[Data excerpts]
----

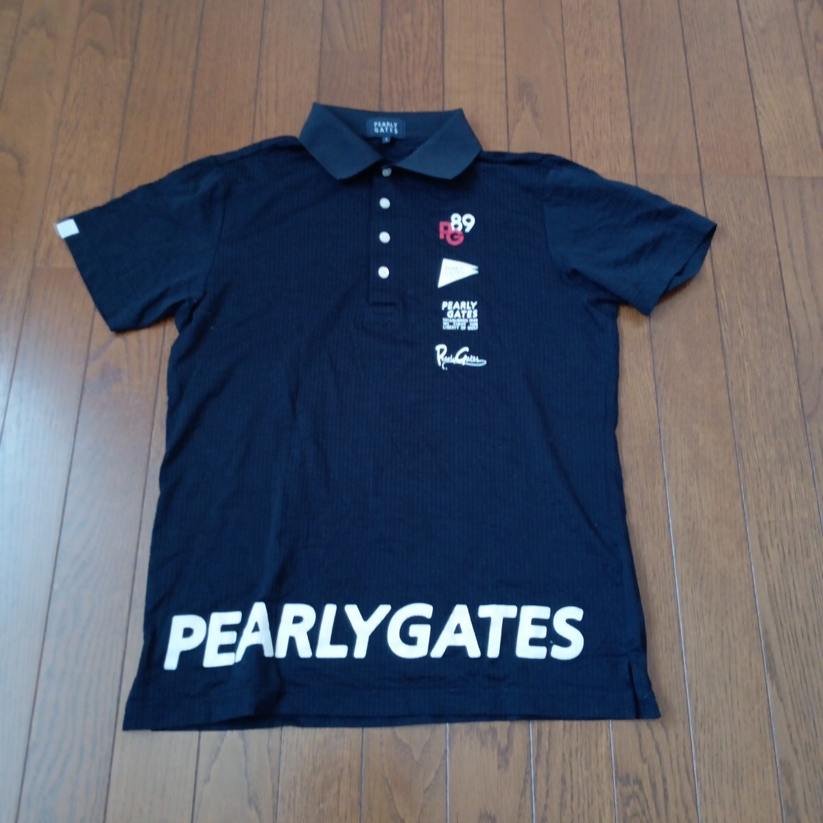 - 1462【中古】PEARLY GATES パーリーゲイツ ゴルフウェア 半袖 ポロシャツ メンズ サイズ M(4)左胸、裾、首後にロゴプリント有
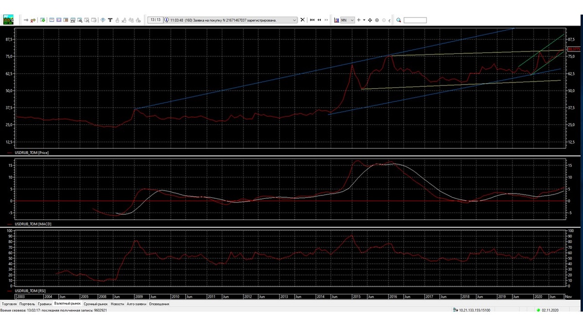 Сейчас самое интересное время до 3 ноября 2020 года, потому что это самое таинственный период. Если не удачно зайти или выйти из валюты, можно потерять деньги, поэтому лучше всего сейчас наверно не стоит заходить в валюту, стоит постоять в стороне и принимать решение уже 7-8 ноября 2020 года. Причин много, есть вероятность просадку валют вниз, если выборы в США пройдут не по плану, будет обострение противостояние между республиканцами и демократами, это скажется на динамику движения на движение доллар/рубль, евро/рубль. В Европе сейчас куча проблем, проблемы США, в Европе будет обострение политических и экономических проблем, все это потянет евро вниз. В понедельник доллар/рубль пробил уровень 80,0, евро/рубль пробил уровень 93,0, хотя возможны ложные пробои уровня сопротивления.
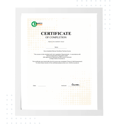 To verify this certificate, please visit https://safetycoursesonline.ie/verify-certification.html
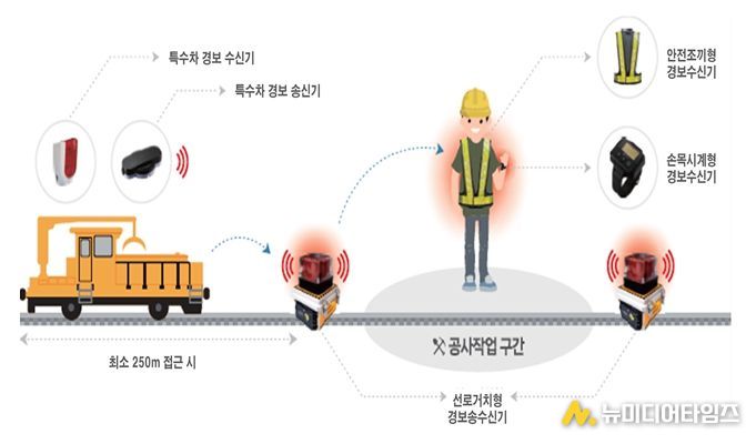 열차접근 경보장치는 특수차가 접근할 경우 작업자의 조끼·손목시계 등 4종 수신 알림장치로 즉시 경보음을 송출하는 방식으로 작동한다. 시·청각 기반 알림시스템 도입을 통해 작업자가 대피할 수 있는 ‘골든타임’을 확보할 수 있게 됐다.
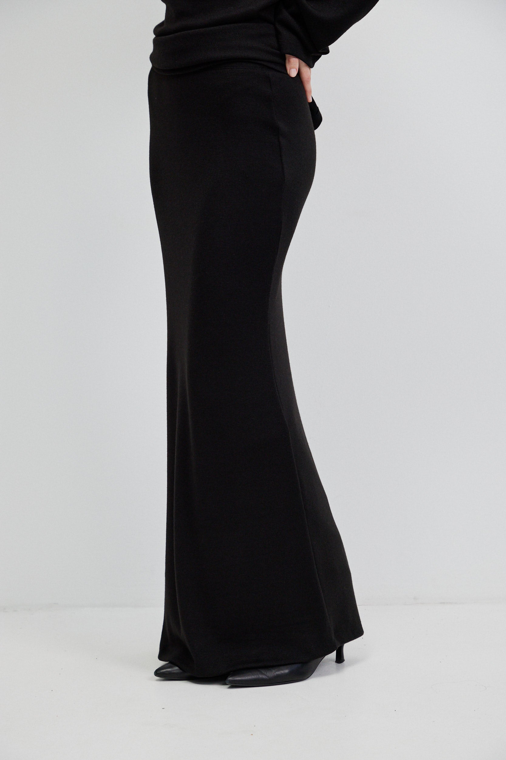 החצאית בעלת גזרה ארוכה וישרה, עם קו מותן בגימור אלסטי נקי.
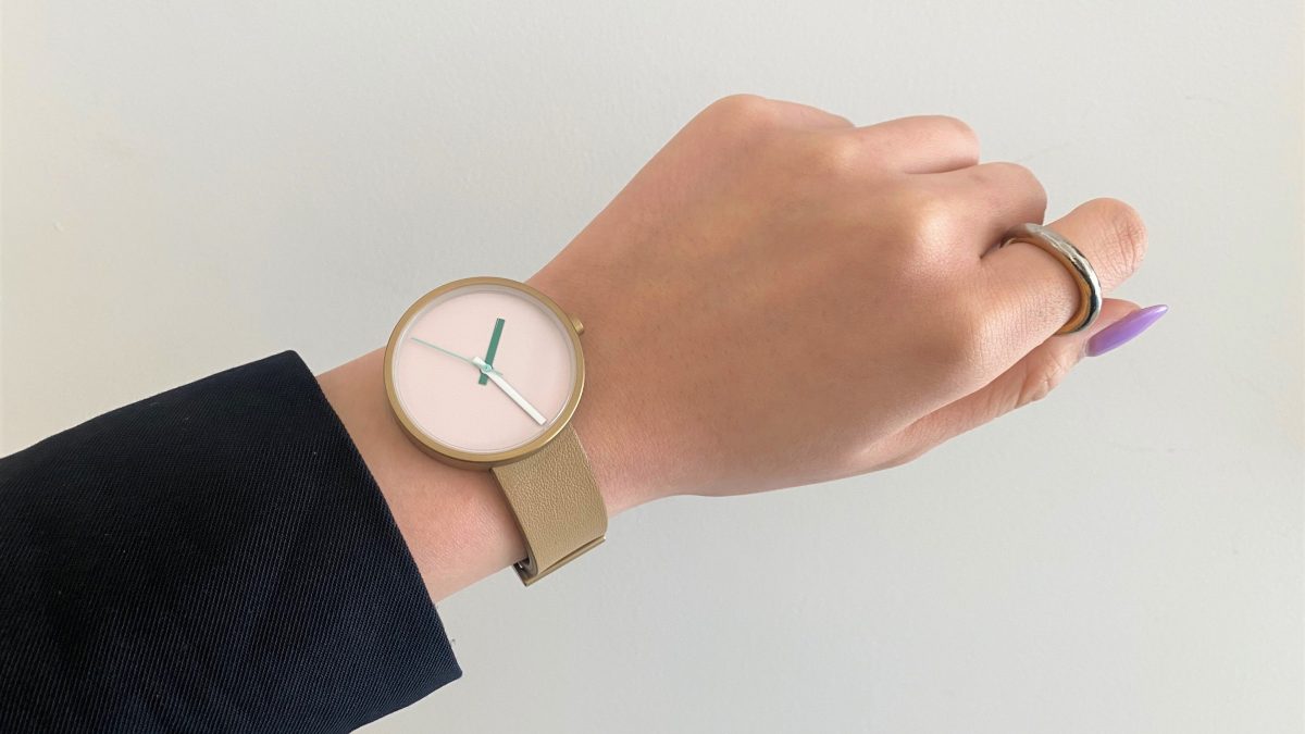 ピンクの文字盤にホワイトとグリーンの針は春にぴったり~!
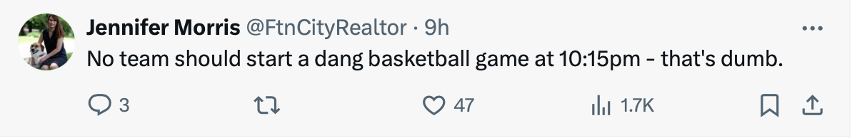 That means Tennessee likely won't play until 10:15 PM ET at the earliest. And fans are understandably not happy about the late tip off time.
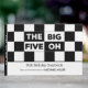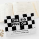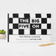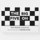 Crea un gran keepsake con un libro de visitas fresco, moderno y personalizable para tu celebración de 50 años. Presenta un audaz patrón de cuadros negros y blancos en la parte superior con las palabras "Los cinco grandes" en blanco alternado sobre texto negro y negro sobre blanco. La parte inferior 1/3 del libro muestra las palabras "Libro de cumpleaños número 50" en texto negro sobre fondo blanco. Personalizar el nombre, fecha y texto en la barra lateral. Un patrón geométrico de cuadros negros y blancos adorna la parte trasera del libro. Copyright © Claire E. Skinner. Todos Los Derechos Reservados.
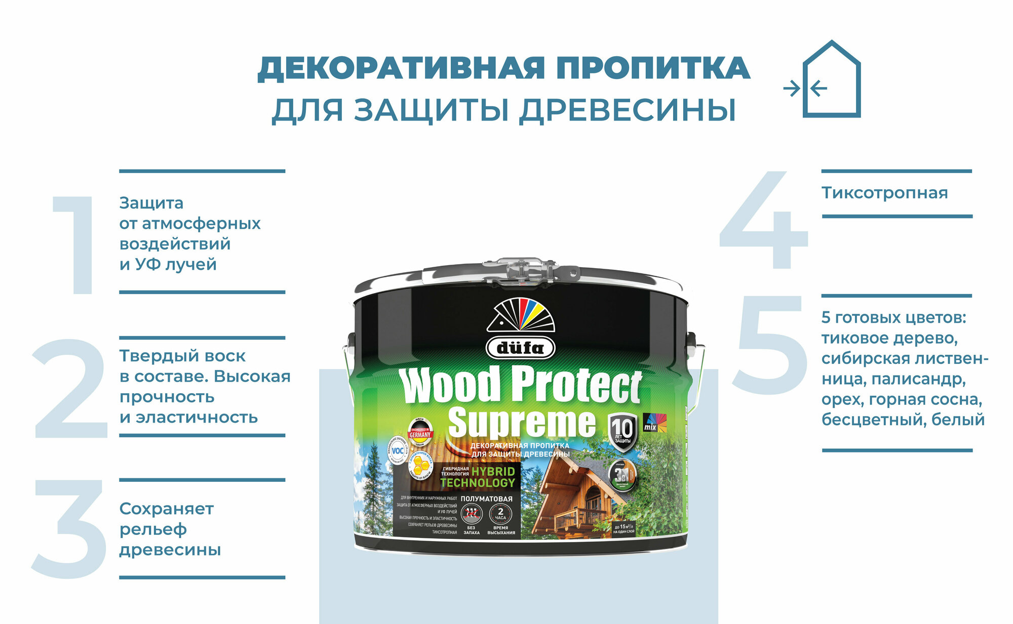 Технология Hybrid (гарантирует: глубокое проникновение и высокую прочность эмульсии алкида и быстрое высыхание, эластичность, долговечность и высокую экологичность акрилатной дисперсии);Твердый воск в составе способствует улучшенным водоотталкивающим свойствам пропитки, образует гидрофобное покрытие. Формула 3 в 1 объединяет в одном продукте грунтовку (равномерное впитывание), защиту древесины (от УФ воздействий, плесени и синевы) и декоративный эффект (полуматовое покрытие, приятное на ощупь); До 10 лет защиты древесины.
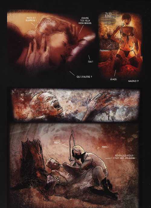 Les Processionnaires renferment deux choses uniques. Un scénario des plus étranges et un graphisme torturé à l’extrême. En deux tomes, le scénariste accumule les questions sur ce monde angoissant qu’il a créé. Et le lecteur a peu de réponses. Mais si on ne voit pas encore où il veut nous mener, lui a l’air de le savoir parfaitement ! Le tout porté par un dessin à la hauteur de l’histoire. Des couleurs très sombres, une utilisation de photos estompées et relevées au crayon, une jungle à la végétation agressive. Vous l’avez compris, si l’histoire rend anxieux, le dessin enfonce le clou et vous ressortez de la lecture de ces deux tomes fébrile. Totalement déroutant. Tellement même, que cette BD, par son ambiance visuelle très spéciale, est à réserver aux habitués du 9e art. Cependant, si vous êtes audacieux, vous ne serez pas déçus !
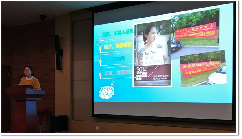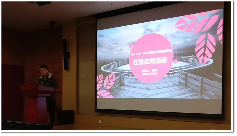 接下来文艺体育部部长吴衍麒对“SEE YOU”毕业系列活动进行了详尽的介绍。本次系列活动主要由开幕式、院系子活动、红毯、毕业晚会四部分组成,此系列活动已经成为科大的品牌活动,与此同时也表达了对即将毕业同学真挚的祝福。
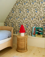 Denne skønne børnelampe er designet som en svamp, og er en humoristisk, dekorativ lampe til børneværelset. De små huller i toppen af svampen gør, at lyset skinner igennem i delikate lysstrømme og giver en hyggelig og rolig stemning.
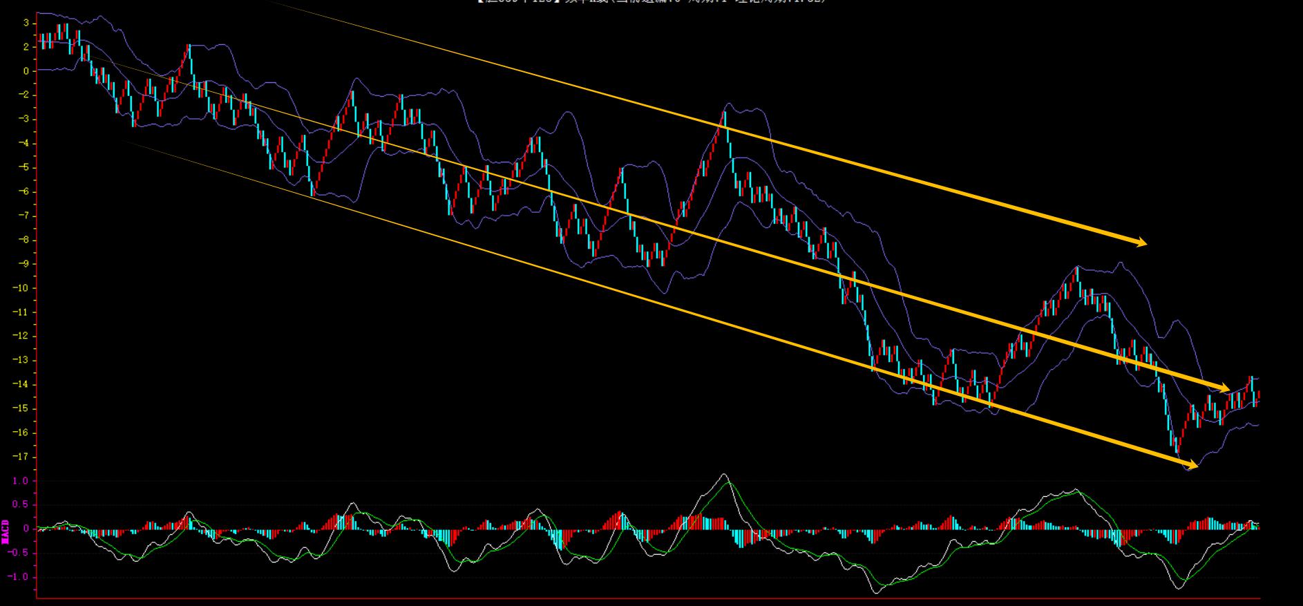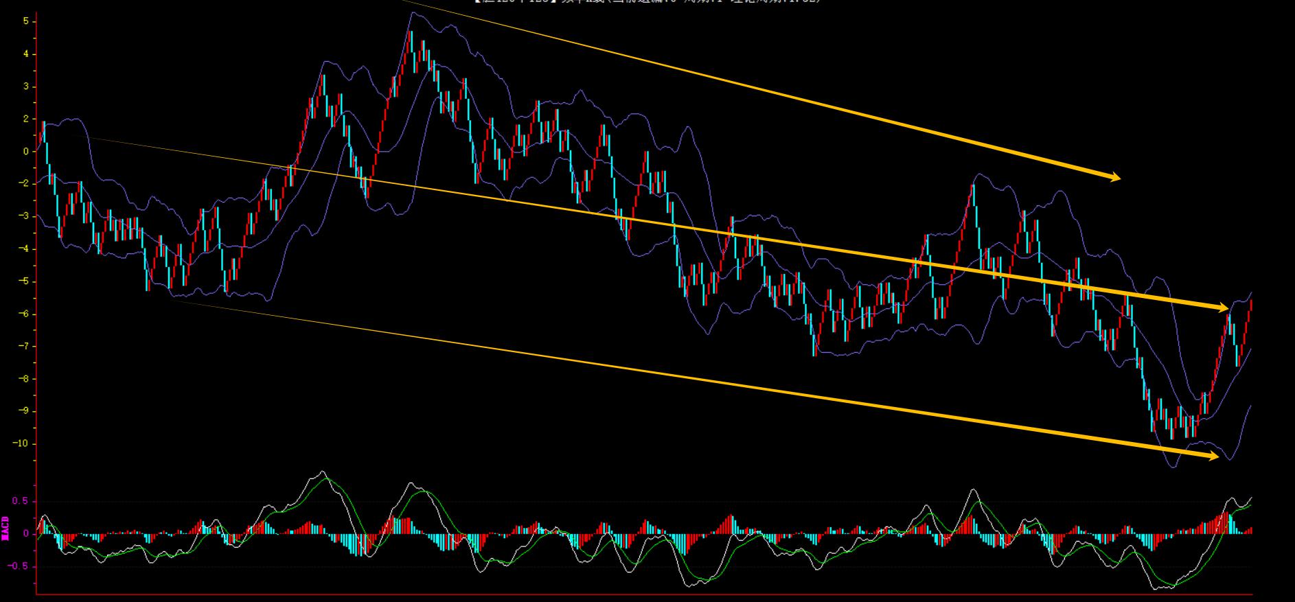 整体趋势下行,上边沿线趋势向下,下边沿趋势也是向下,节点震荡,当前连开2期,本期防守。

----

Problem details: Set the records down again exactly, and omit any picture in them.

Solution:
 - 1462【中古】PEARLY GATES パーリーゲイツ ゴルフウェア 半袖 ポロシャツ メンズ サイズ M(4)左胸、裾、首後にロゴプリント有
 Сейчас самое интересное время до 3 ноября 2020 года, потому что это самое таинственный период. Если не удачно зайти или выйти из валюты, можно потерять деньги, поэтому лучше всего сейчас наверно не стоит заходить в валюту, стоит постоять в стороне и принимать решение уже 7-8 ноября 2020 года. Причин много, есть вероятность просадку валют вниз, если выборы в США пройдут не по плану, будет обострение противостояние между республиканцами и демократами, это скажется на динамику движения на движение доллар/рубль, евро/рубль. В Европе сейчас куча проблем, проблемы США, в Европе будет обострение политических и экономических проблем, все это потянет евро вниз. В понедельник доллар/рубль пробил уровень 80,0, евро/рубль пробил уровень 93,0, хотя возможны ложные пробои уровня сопротивления.
 To verify this certificate, please visit https://safetycoursesonline.ie/verify-certification.html
 열차접근 경보장치는 특수차가 접근할 경우 작업자의 조끼·손목시계 등 4종 수신 알림장치로 즉시 경보음을 송출하는 방식으로 작동한다. 시·청각 기반 알림시스템 도입을 통해 작업자가 대피할 수 있는 ‘골든타임’을 확보할 수 있게 됐다.
 החצאית בעלת גזרה ארוכה וישרה, עם קו מותן בגימור אלסטי נקי.
 ピンクの文字盤にホワイトとグリーンの針は春にぴったり~!
 That means Tennessee likely won't play until 10:15 PM ET at the earliest. And fans are understandably not happy about the late tip off time.
 Crea un gran keepsake con un libro de visitas fresco, moderno y personalizable para tu celebración de 50 años. Presenta un audaz patrón de cuadros negros y blancos en la parte superior con las palabras "Los cinco grandes" en blanco alternado sobre texto negro y negro sobre blanco. La parte inferior 1/3 del libro muestra las palabras "Libro de cumpleaños número 50" en texto negro sobre fondo blanco. Personalizar el nombre, fecha y texto en la barra lateral. Un patrón geométrico de cuadros negros y blancos adorna la parte trasera del libro. Copyright © Claire E. Skinner. Todos Los Derechos Reservados.
 Технология Hybrid (гарантирует: глубокое проникновение и высокую прочность эмульсии алкида и быстрое высыхание, эластичность, долговечность и высокую экологичность акрилатной дисперсии);Твердый воск в составе способствует улучшенным водоотталкивающим свойствам пропитки, образует гидрофобное покрытие. Формула 3 в 1 объединяет в одном продукте грунтовку (равномерное впитывание), защиту древесины (от УФ воздействий, плесени и синевы) и декоративный эффект (полуматовое покрытие, приятное на ощупь); До 10 лет защиты древесины.
 Les Processionnaires renferment deux choses uniques. Un scénario des plus étranges et un graphisme torturé à l’extrême. En deux tomes, le scénariste accumule les questions sur ce monde angoissant qu’il a créé. Et le lecteur a peu de réponses. Mais si on ne voit pas encore où il veut nous mener, lui a l’air de le savoir parfaitement ! Le tout porté par un dessin à la hauteur de l’histoire. Des couleurs très sombres, une utilisation de photos estompées et relevées au crayon, une jungle à la végétation agressive. Vous l’avez compris, si l’histoire rend anxieux, le dessin enfonce le clou et vous ressortez de la lecture de ces deux tomes fébrile. Totalement déroutant. Tellement même, que cette BD, par son ambiance visuelle très spéciale, est à réserver aux habitués du 9e art. Cependant, si vous êtes audacieux, vous ne serez pas déçus !
 接下来文艺体育部部长吴衍麒对“SEE YOU”毕业系列活动进行了详尽的介绍。本次系列活动主要由开幕式、院系子活动、红毯、毕业晚会四部分组成,此系列活动已经成为科大的品牌活动,与此同时也表达了对即将毕业同学真挚的祝福。
 Denne skønne børnelampe er designet som en svamp, og er en humoristisk, dekorativ lampe til børneværelset. De små huller i toppen af svampen gør, at lyset skinner igennem i delikate lysstrømme og giver en hyggelig og rolig stemning.
 整体趋势下行,上边沿线趋势向下,下边沿趋势也是向下,节点震荡,当前连开2期,本期防守。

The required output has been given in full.